[WHAT YOU HAVE TO DO]
Look through the entries below and extract exactly the lines from the one containing "RG 1/144 ユニコーンガンダムは、完全変身・高可動・高密度ディテールというRGの魅力を最大限に詰め込んだ名キットです。" through the one containing "当《我爱你中国》的音乐响起,全场气氛达到", ends included.

[DATA EXTRACTS]
--- START ---

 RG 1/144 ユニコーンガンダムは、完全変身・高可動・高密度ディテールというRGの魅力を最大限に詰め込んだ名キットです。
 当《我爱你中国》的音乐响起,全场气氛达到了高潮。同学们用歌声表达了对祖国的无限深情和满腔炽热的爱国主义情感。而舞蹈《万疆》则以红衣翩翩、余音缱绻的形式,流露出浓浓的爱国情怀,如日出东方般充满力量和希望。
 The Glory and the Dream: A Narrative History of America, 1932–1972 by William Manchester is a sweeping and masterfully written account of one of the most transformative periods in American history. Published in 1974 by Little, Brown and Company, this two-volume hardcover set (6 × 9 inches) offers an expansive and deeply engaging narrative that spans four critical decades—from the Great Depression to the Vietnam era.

--- END ---
--- START ---

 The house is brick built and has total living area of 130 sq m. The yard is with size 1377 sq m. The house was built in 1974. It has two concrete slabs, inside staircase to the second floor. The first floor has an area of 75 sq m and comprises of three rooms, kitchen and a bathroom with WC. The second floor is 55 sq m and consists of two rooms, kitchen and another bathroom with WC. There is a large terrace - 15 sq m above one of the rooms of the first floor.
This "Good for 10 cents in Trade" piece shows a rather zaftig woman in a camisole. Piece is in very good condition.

--- END ---

[RESPONSE TO THIS TASK]
 RG 1/144 ユニコーンガンダムは、完全変身・高可動・高密度ディテールというRGの魅力を最大限に詰め込んだ名キットです。
 当《我爱你中国》的音乐响起,全场气氛达到了高潮。同学们用歌声表达了对祖国的无限深情和满腔炽热的爱国主义情感。而舞蹈《万疆》则以红衣翩翩、余音缱绻的形式,流露出浓浓的爱国情怀,如日出东方般充满力量和希望。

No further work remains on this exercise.